If the parties cannot agree, jointly held real property is dealt with under The Law of Property Act, that is, by a claim for partition or sale. Generally, subject to issues concerning competing claims for occupation rent or expenses, the property is sold with the assistance of the court and the net proceeds divided equally between the parties as and when realized. The significance of this is that the parties share the variations that might occur, up or down, in the value of the property in the post separation period.
2. Remedies within The Marital Property Act
The Act's only balancing tools are the unequal division provisions and the ability to award interest. The first of these, the power to divide the assets of the parties unequally is circumscribed by tests that so far have admitted of little real application.

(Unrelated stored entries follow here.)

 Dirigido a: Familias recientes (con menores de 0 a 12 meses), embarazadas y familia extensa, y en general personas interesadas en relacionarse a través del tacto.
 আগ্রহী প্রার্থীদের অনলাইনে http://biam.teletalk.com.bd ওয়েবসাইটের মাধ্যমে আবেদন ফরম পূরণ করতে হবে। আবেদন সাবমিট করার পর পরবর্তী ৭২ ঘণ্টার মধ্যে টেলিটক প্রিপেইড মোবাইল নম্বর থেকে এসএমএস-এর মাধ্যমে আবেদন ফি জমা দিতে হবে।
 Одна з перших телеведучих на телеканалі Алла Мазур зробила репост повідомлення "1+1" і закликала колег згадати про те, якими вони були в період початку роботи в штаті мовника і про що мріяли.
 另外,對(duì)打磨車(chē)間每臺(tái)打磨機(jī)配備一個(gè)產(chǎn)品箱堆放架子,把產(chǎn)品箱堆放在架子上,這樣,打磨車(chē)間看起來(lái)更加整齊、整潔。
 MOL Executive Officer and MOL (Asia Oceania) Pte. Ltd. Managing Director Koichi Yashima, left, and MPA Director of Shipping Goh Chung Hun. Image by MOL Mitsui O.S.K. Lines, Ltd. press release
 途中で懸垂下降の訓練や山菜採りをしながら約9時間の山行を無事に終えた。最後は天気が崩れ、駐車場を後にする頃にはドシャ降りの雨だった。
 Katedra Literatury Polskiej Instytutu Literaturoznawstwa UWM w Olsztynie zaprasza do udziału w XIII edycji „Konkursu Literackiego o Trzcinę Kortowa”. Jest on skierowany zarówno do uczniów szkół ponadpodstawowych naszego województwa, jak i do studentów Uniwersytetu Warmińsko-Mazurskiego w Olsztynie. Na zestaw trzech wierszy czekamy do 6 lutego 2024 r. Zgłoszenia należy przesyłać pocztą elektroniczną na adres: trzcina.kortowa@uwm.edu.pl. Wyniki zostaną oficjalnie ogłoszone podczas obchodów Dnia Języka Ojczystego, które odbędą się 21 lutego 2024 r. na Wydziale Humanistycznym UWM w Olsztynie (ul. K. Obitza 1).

For "family assets" the court's discretion to depart from equality is to be exercised:
... if the court is satisfied that equalization would be grossly unfair or unconscionable having regard to any extraordinary financial or other circumstances of the spouses or the extraordinary nature or value of any of their assets.

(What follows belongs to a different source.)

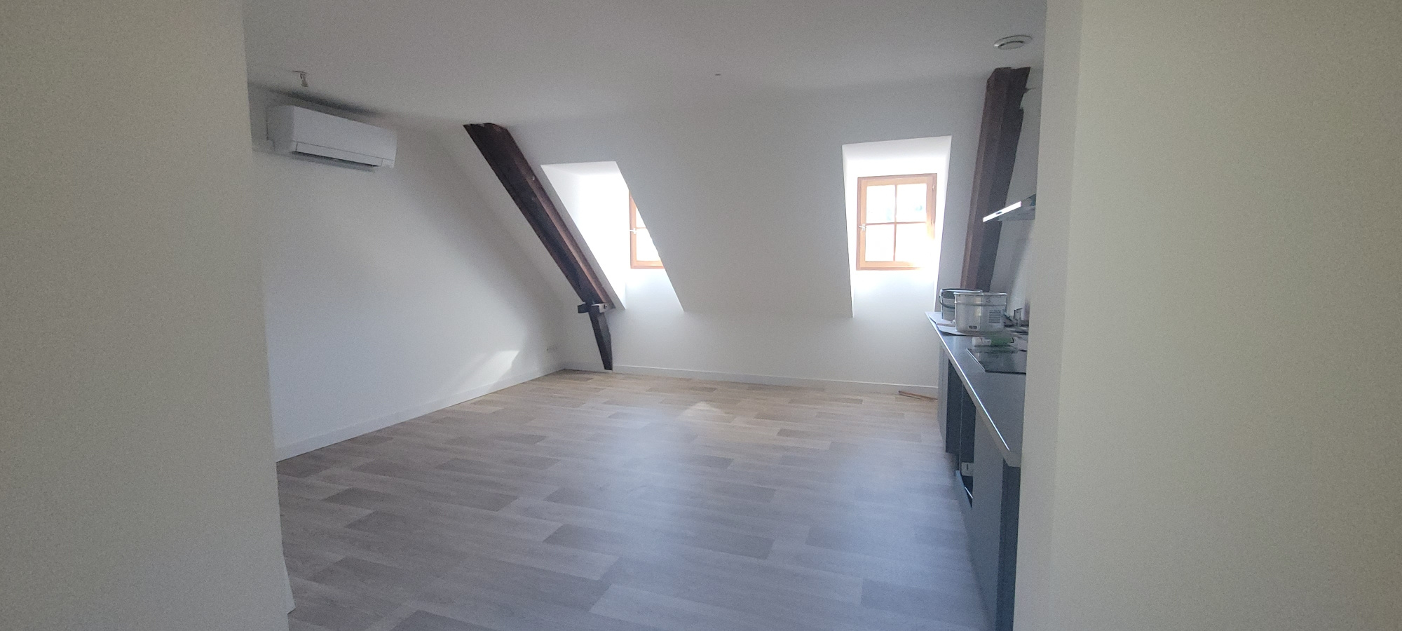 Centre de Beaulieu Sur Dordogne, proche commodités, appartement de type 3 entièrement rénové comprenant : Séjour / Cuisine aménagée et semi équipée (Hotte, Plaques vitrocéramiques), 2 Chambres avec placard/penderie, Salle d'eau avec cabine de douche, WC a...

For "commercial assets", the test is not as onerous and the court is given some guidelines, two of which would seem promising in the context of constructive trust analysis:
... if the court is satisfied that equalization would be clearly inequitable having regard to any circumstances the court deems relevant including
(g) the nature of the assets; and
(h) the extent to which the financial means and earning capacity of each spouse have been affected by the responsibilities and other circumstances of the marriage.
The case law that has developed is sparse and not of much assistance. The occasions when a court has made an unequal allocation are few. While it is often pleaded, it has not historically been of much use to redress the problems created by the Act itself. Whether dealing with "family assets" or "commercial assets", neither test openly declares a change in value post separation as a basis for the unequal division remedy, and it would seem, given the general reluctance to rely on hindsight in these matter, it would not be appropriate to do so.
The interest provisions are, despite liberalization in recent years, not universally applied and not necessarily sufficient as a remedy. The power to award interest is discretionary and subject to the court being "satisfied that it is equitable under the circumstances". The case law that has developed has tended to tie the award of interest to the payment of support in the pre-trial or interim period. Conduct of the parties vis-a-vis the litigation, resulting in delay or unfairness, is also relevant. It may depend on whether the payor himself would have earned interest on the equalization payment, whether he had the assets and when he had the ability to pay it. An award of interest need not be with respect to all of the award and may be subject to timing issues.
Secondly, there is no clear mechanism to predict the rate of interest that might be allowed. The award of interest, even at the highest rate, may do little to redress the inequity that might arise where an asset changes value significantly between the date of valuation and the day of reckoning.